The reason why I’m discussing the network in the language of instructions, stack space, and loops is because I disagree with a blanket statement like “scale is all you need”. I think it’s obvious that scaling the neural network is a patch on the first two constraints, and scaling the training data is a patch on the third constraint.
This is also why I think that point #3 is relevant. If GPT-3 does so well because it’s using the sea of parameters for unrolled loops, then something like Stable Diffusion at 1/200th the size probably makes sense.
To tie this back to point #5:
We start with a giant corpus of data.

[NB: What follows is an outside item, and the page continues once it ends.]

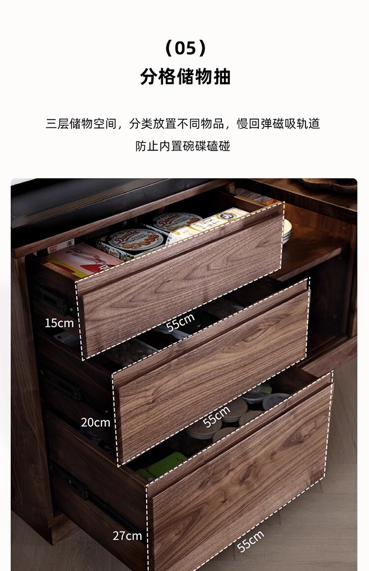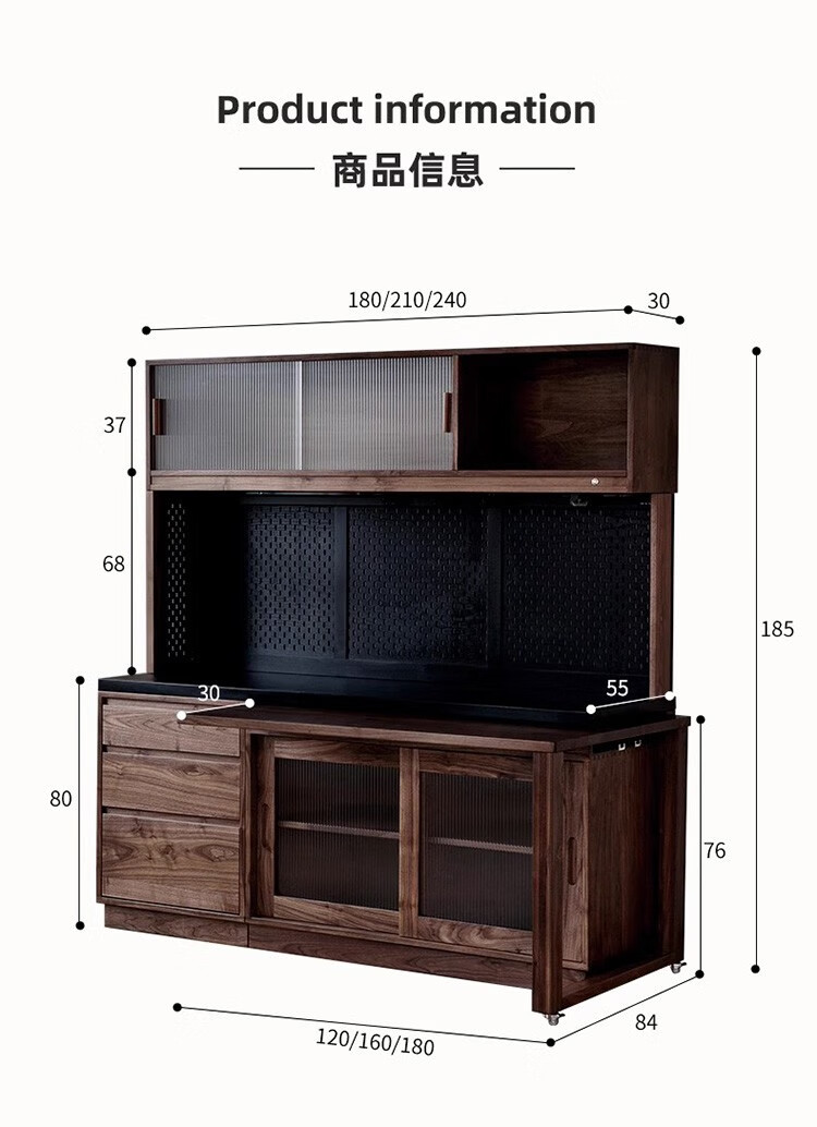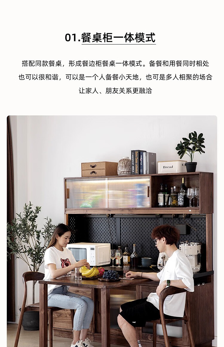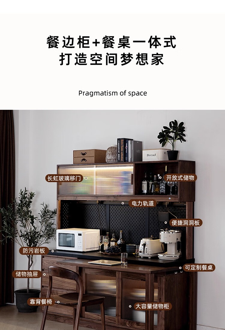 Soran North American black walnut sideboard dining table integrated wall-mounted rotatable folding restaurant storage cabinet slate storage cabinet black walnut cabinet 1.88 meters (combination cabinet)

On the order of “all written content available in digital form”. We might generate additional data in an automated fashion, or digitize books, or caption videos.
We divide it into training data and test data.
We train the network on random examples from the training data, and then verify on random examples from the test data. For simplicity, I’m glossing over various training techniques like masking data or connections between nodes.
Then we fine-tune it, e.g with Q&A examples.
And then generally we deploy it with some prompt engineering, e.g. prefixing queries with past transcript history, to fake a conversation.
At the end of this process, what do we have?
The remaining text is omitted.